Mais le succès de Mondial Tourisme en Tunisie n’est pas dû au hasard. « Lorsque nous avons décidé de revenir, en 2015, il y avait très peu d’offres à destination du marché français. Pourtant, nous avons envoyé 15 000 passagers en Tunisie en 2015. On s’est rendu compte qu’il y avait une vraie demande… qui n’était pas satisfaite», se souvient Selatt Erdogan. L’équipe de production du TO rencontre alors des partenaires hôteliers qui n’attendent qu’une chose : le retour des Français. «Les Tunisiens ont limité la casse grâce à l’émergence d’autres marchés (Algérie, Russie), qui compensaient l’absence des Européens, au moinspendant la haute saison. Mais les basses saisons étaient vraiment difficiles… Nous nous sommes engagés, tant au niveau de l’aérien que de l’hébergement. Et, si vous soutenez les hôteliers tunisiens en basse saison, ils vous soutiennent en haute saison».
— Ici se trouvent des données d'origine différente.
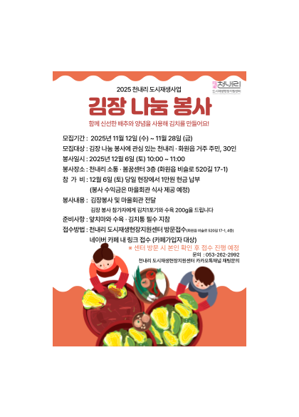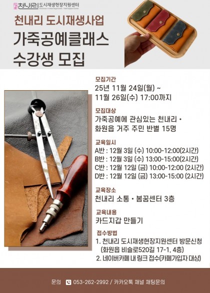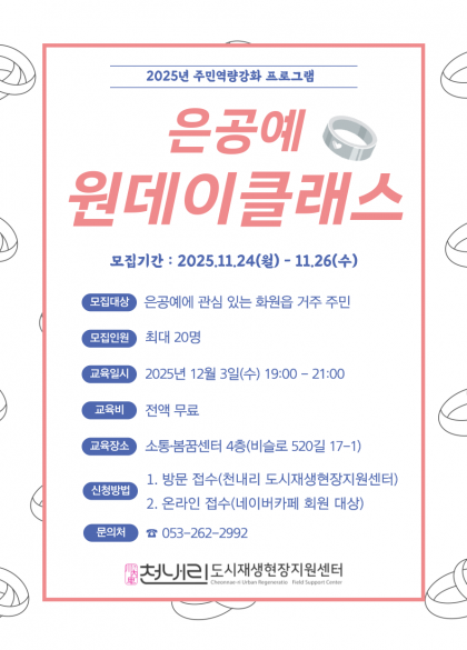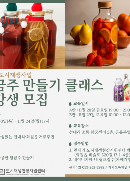 #프로그램 천내리만의 다양한 프로그램에 참여해보세요! CHEONNAE-RI 2025년 가죽공예클래스 수강생 모집 2025년 은공예 원데이클래스 수강생 모집 2025년 담금주 만들기 클래스 수강생 모집(~11/24) 2025년 김장나눔봉사 참여자 모집 25년 천내리 도시재생 에겐남 아로마클래스 수강생 모집(~11/11) 천내리 도시재생 풋케어 아로마클래스 수강생 모집(~10/30 17:00) 25년 아로마 허브 오일&밤 만들기 수강생 모집(~10/23 17:00) 2025년 천내리 아로마젤파스 제작과정 수강생 모집(~10/17) 천내리 도시재생 터프팅 동아리 회원 모집(현장방문접수)(~10/1) 천내리 도시재생 10월 천내 요리교실(~9/16)(현장방문접수) 천내리 도시재생 제로웨이스트 교육과정(현장방문접수)(~9/11 12:00) 천내리 도시재생 터프팅 동아리회원 모집(현장접수) 미싱 마을강사활용 기초과정 터프팅 기초과정(현장방문신청)(연장모집 ~8/1 12:00) 제로웨이스트 & 여름시즌 클래스(현장방문신청)(연장모집 ~8/1 12:00)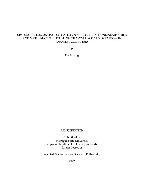 Sparse grid discontinuous Galerkin methods for nonlinear optics and mathematical modeling of asynchronous data flow in parallel computers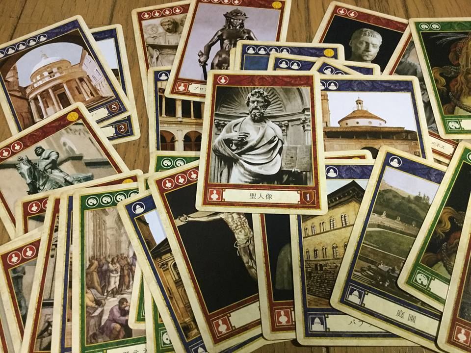 美しい芸術作品のカード,ひんやりしたコイン、柔らかい木の手触り、お金を投げ入れたときの、ヂャリ(ゴ)ン!という音。。。 アナログゲームというのは,目と頭だけではなく、五感(厳密には味覚は除くので四感)をすべて使った遊びなんだな、ということを、実感します。

Pour Mondial Tourisme, la Tunisie est donc un véritable levier de croissance. Et avant tout parce que toute la profession attend la reprise. «Nous sommes loin du record de fréquentation, évidemment, mais la Tunisie repart. Et nous sommes soutenus par la distribution», estime Selatt Erdogan.
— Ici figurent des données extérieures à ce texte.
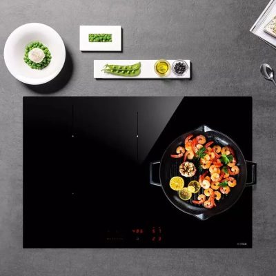 Indukciós főzőlap négy főzőzónával 80 cm-en, amelyet rendkívüli esztétikai igényesség és kivételes ergonómia jellemez. Totál fekete üveg, minimalista dizájn, csúszka vezérlés. Nagy teljesítményű főzési funkciók és csatlakoztatható kapcsolat a páraelszivóval.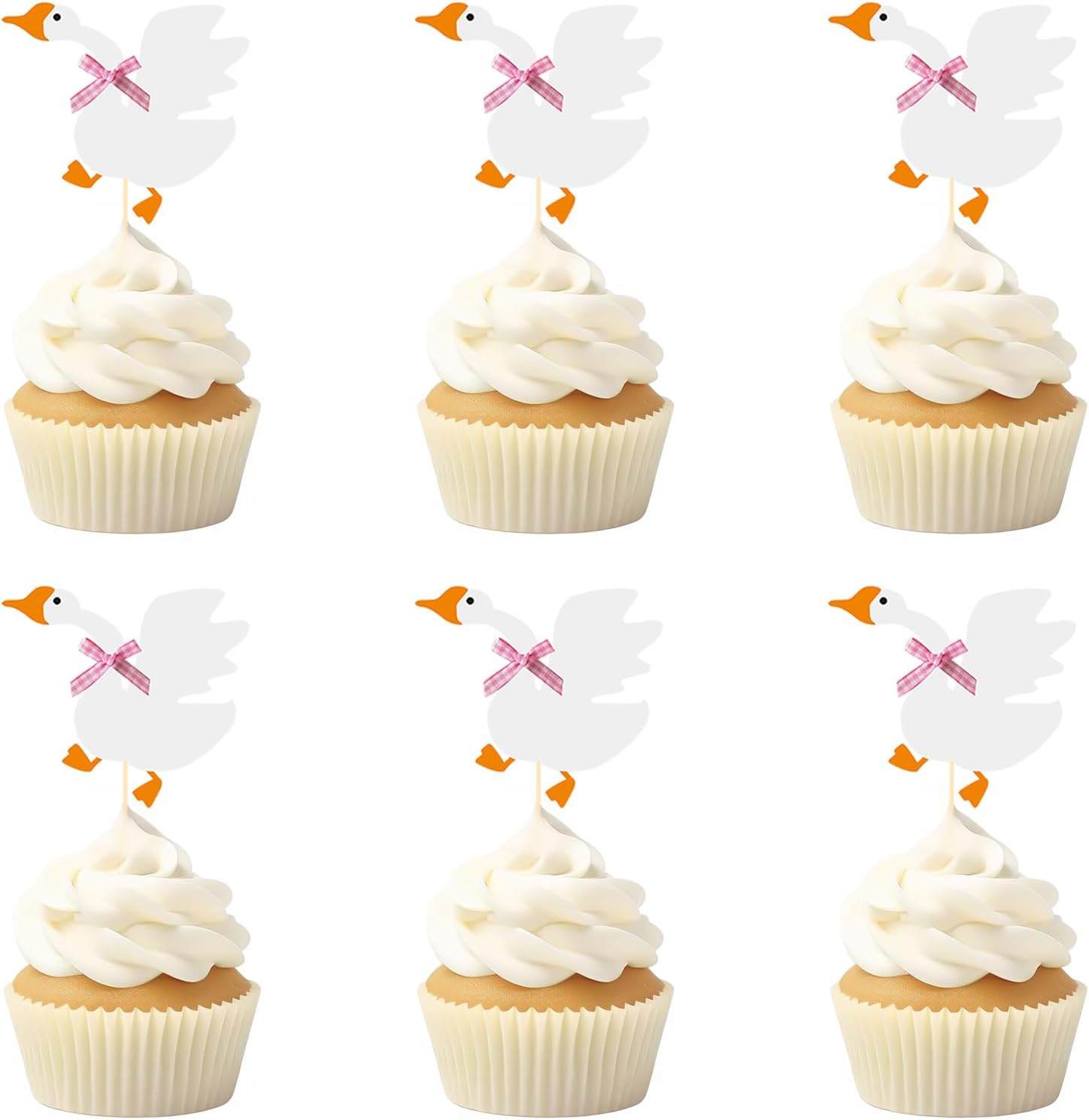 - 🎉【Adorable Silly Goose Cupcake Toppers】these adorable silly goose cupcake toppers Add a fun and quirky touch to your dessert table! Featuring cute goose shapes with pink bows, they’re the perfect goose party decor for one silly goose birthday parties, baby showers, or farmyard-themed events. A charming way to elevate your goose cake topper decorations.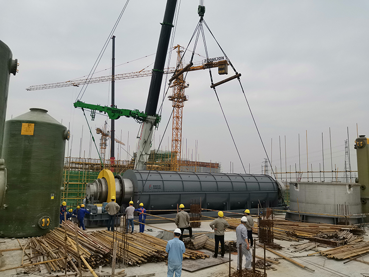 23日上午7點(diǎn),隨著吊裝指揮的一聲令下,焙燒爐開始起吊。在現(xiàn)場所有建設(shè)者的注視下,500噸汽車吊平穩(wěn)提升,至8點(diǎn)37分,焙燒爐順利吊至裂化劑廠房6米層樓板上。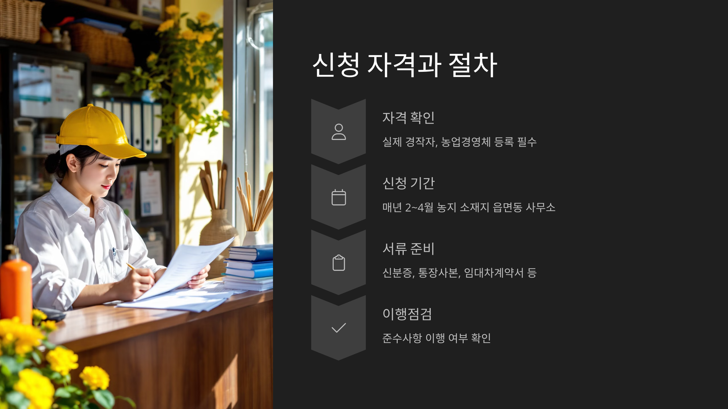 💡 TIP: 농지 소재지 주소지 기준으로 신청해야 해요! 여러 지역에서 경작하는 경우, 주 경작지 기준으로 한 곳만 신청 가능하답니다.

Pour le mois de juillet écoulé et sur le moyen-courrier, l’Espagne domine toujours le classement des destinations préférées des Français, et ce malgré une baisse du nombre de passagers (-9%), des réservations (-10%) et du panier moyen (-1%). En deuxième position, la Grèce affiche une différence notable entre le nombre de passagers (-3%) et le volume d’affaires (27%), prouvant la hausse des prix à destination.
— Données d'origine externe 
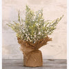 Aspen Pine Table Tree features wispy pine branches inside a burlap-wrapped base. It is 17 high.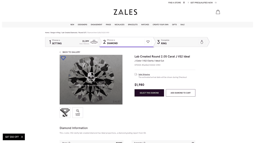 Our experience at nationwide jeweler Zales was similar. The least expensive J VS2 2ct diamond on their website was priced at $1,980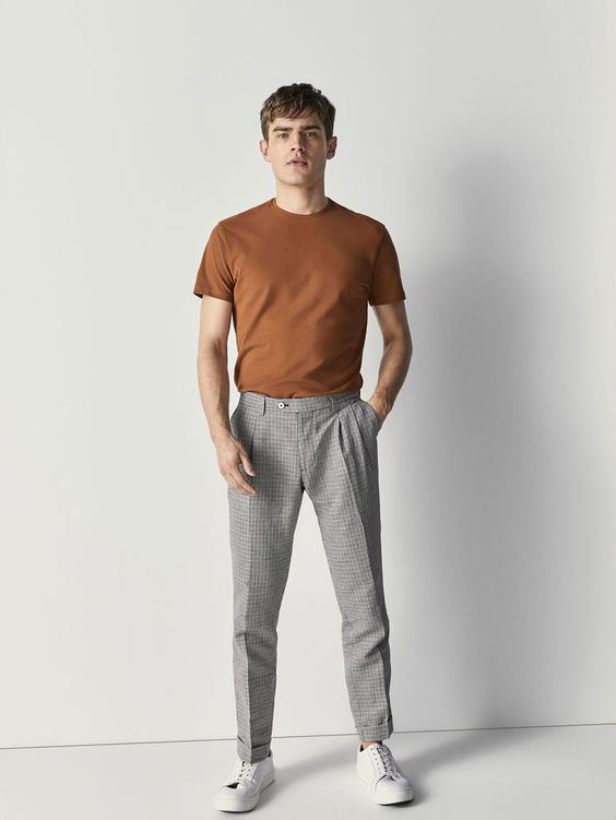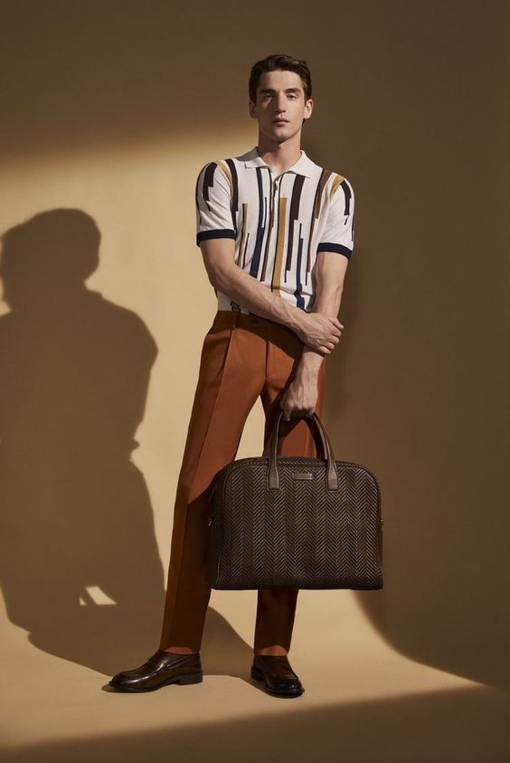 Це вбрання є ідеальним прикладом літнього чоловічого вбрання, яке сприймає ретро-атмосферу з сучасним відтінком. Сорочка з геометричним принтом і штани кольору іржі створюють вражаючий образ, який ідеально підходить для людей, які прагнуть моди.
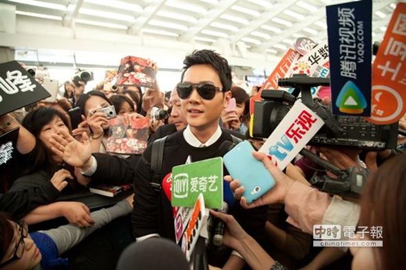 馮紹峰今(29)日下午抵臺,吸引大量粉絲接機擠爆大廳。(圖片來自臺媒)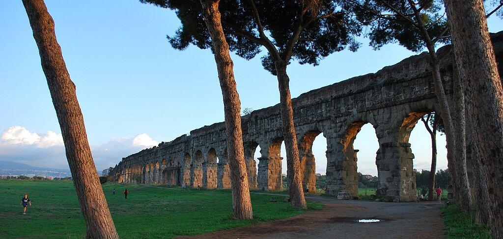 Wer es lieber ursprünglicher mag und gerne auf den Spuren der alten Römer wandeln möchte, sollte unbedingt den „Parco degli Acquedotti“ besuchen. Der „Parco degli Acquedotti“ ist ein Teil des Regionalparks der „Appia Antica“ und erstreckt sich zwischen der Via Appia und der Via Tuscolana auf einer Fläche von 240 Hektar im Südosten Roms. Zwar etwas weiter draußen gelegen, erreicht man den Park mit der Metro aber dennoch ziemlich problemlos. Mit der roten Linie A geht es bis zur Haltestelle „Giulio Agricola“. Von dort gelangt man nach wenigen Gehminuten zu einem der Eingänge auf der Via Lemonia. Die Ruinen von sechs der ursprünglich elf antiken Aquädukte bestimmen das Bild des Parks und schaffen ein einmaliges Panorama. Wunderschön und beeindruckend sind die monumentalen Mauerreste der antiken Wasserleitungen immer, aber ganz besonders schön sind sie am Abend. Denn kurz vor Sonnenuntergang, wenn das Abendrot sich über die majestätischen Bögen legt und sie in goldenes Licht taucht, entsteht hier eine fast magische Stimmung.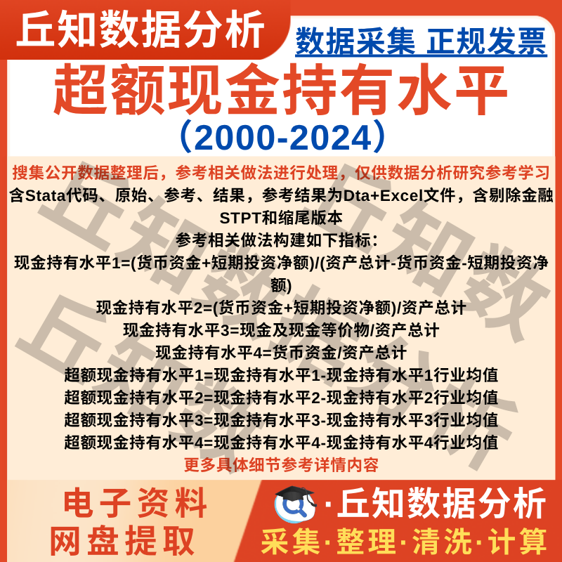 【普通数据】超额现金持有水平2024-2000上市公司数据stata计算代码过程Excel

L’Italie complète le podium, talonnée par la Tunisie, dont le retour sur le marché semble définitif, selon les analystes. Le nombre de passagers est encore en hausse (+36%), comme le volume d’affaires (+46%) et le panier moyen (+8%). Au classement des réservations, la Tunisie et la Turquie occupent les mêmes rangs et entrevoient l’automne avec gourmandise.

 

Maintenant, il revient aux professionnels tunisiens d’entretenir ce regain d’espoir et de veiller à ce que les services qui se sont dégradés d’une manière lamentable puissent reprendre de la vigueur et du prestige, afin de satisfaire toute sorte de clientèle, qu’elle soit européenne, asiatique, américaine, algérienne et, même, locale, parce que l’avenir du secteur dépend surtout de ces services qui ont besoin de redorer leur blason.